Reacting, Taiwo Oyedele, the minister of Finance and Coordinating Minister of the Economy, welcomed the rating and said it followed similar upgrades by Fitch Ratings and Moody’s in 2025.

In a post on X early Saturday, the minister said the positive ratings, now by the three global firms, reflected growing international confidence in the economic reforms implemented under Tinubu.

“These independent assessments collectively affirm that the difficult but necessary reforms undertaken under the leadership of President Bola Ahmed Tinubu, GCFR, are yielding measurable results and laying the foundation for a more stable, transparent, and resilient economy,” Oyedele said.

He said the positive ratings by S&P, Fitch, and Moody’s sent “a strong signal to global investors, development partners, financial markets, and the international business community that Nigeria is regaining macroeconomic credibility.”

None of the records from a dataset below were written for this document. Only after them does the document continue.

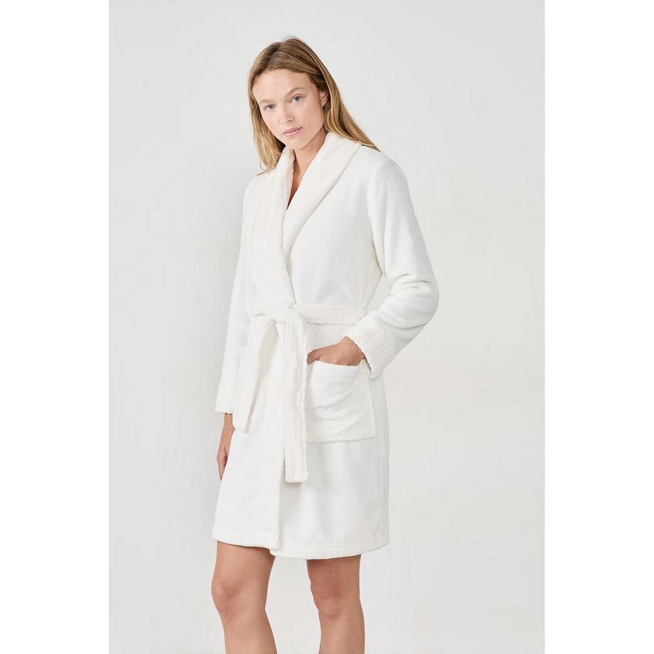 EtamSatin Morgenmantel mit Kunstfellmanschetten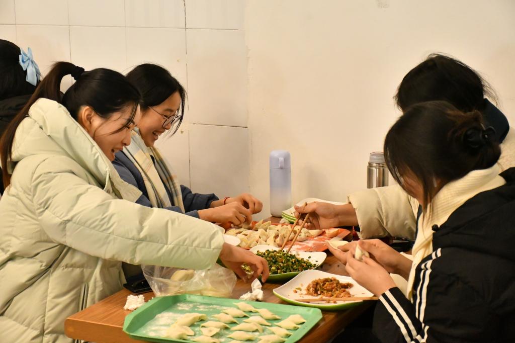 12月22日中午,学生们走进学校食堂。精心调制的饺子馅、标致有形的饺子皮早已准备就绪,包饺子活动正式开始。老师和同学积极参与,相互交流、相互帮助,欢乐的气氛洋溢在每个角落。通过大家的精诚合作,一个个独具特色的饺子绽开笑脸。“四方之时,不过一碗人间烟火。”餐桌上那一碗碗热气腾腾的水饺,吃出的不只是食材本身的美味,还有“水饺”所蕴含的特殊意味:对中国传统文化的传承,对美好生活的寄托,也是对同学们认真学习的贴心抚慰。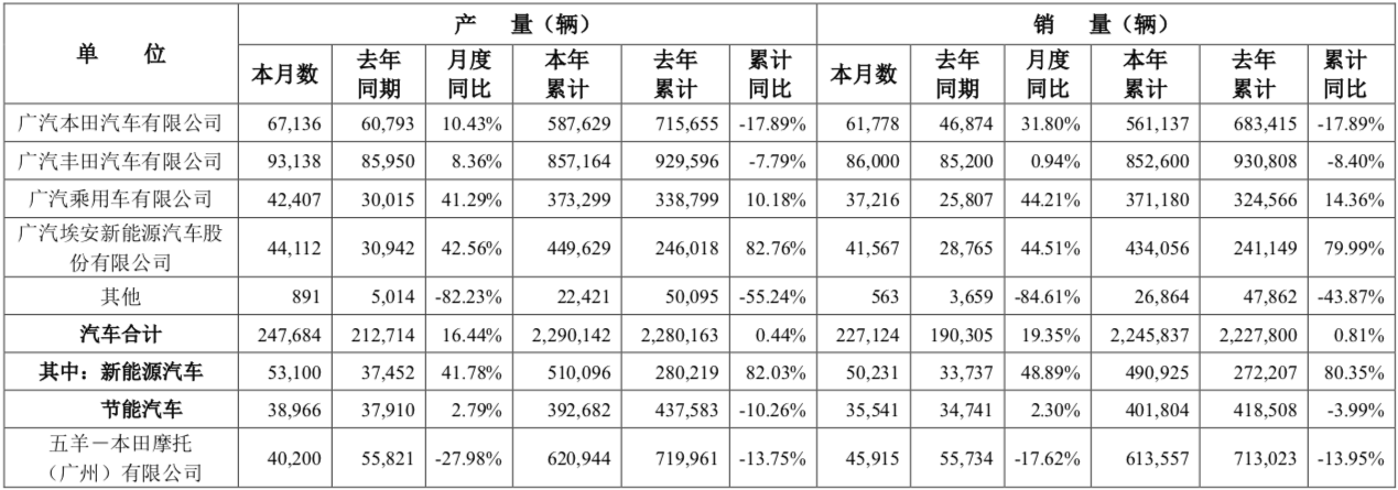12月5日,广汽集团发布11月产销快报称,公司2023年11月汽车产量为247,684辆,同比增长16.44%,本年累计产量为2,290,142辆,同比增长0.44%;11月汽车销量为227,124辆,同比增长19.35%,本年累计销量为2,245,837辆,同比增长0.81%。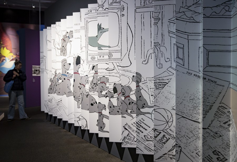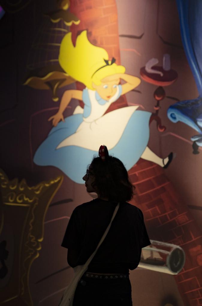A woman visits Disney: The Magic of Animation at Queensland Museum in Brisbane, Australia, on July 13, 2022. (Xinhua/Bai Xuefei)

The minister also reaffirmed the government’s opposition to the reintroduction of fuel subsidies, describing them as inefficient and fiscally distortive.

“We have maintained our position against the reintroduction of inefficient fuel subsidies which historically created significant fiscal distortions, incentivised smuggling, weakened foreign exchange liquidity, and diverted scarce public resources away from critical national priorities,” he said.

He acknowledged that challenges such as inflation, food insecurity, unemployment, and the need for inclusive growth still required urgent attention.

“While these positive ratings developments are encouraging, we recognise that the work ahead remains substantial,” he said.

The minister thanked Nigerians for their “resilience, patience, and support” throughout the reform process, expressing optimism that the improved ratings outlook would help attract investment and enable the country to secure financing on more favourable terms.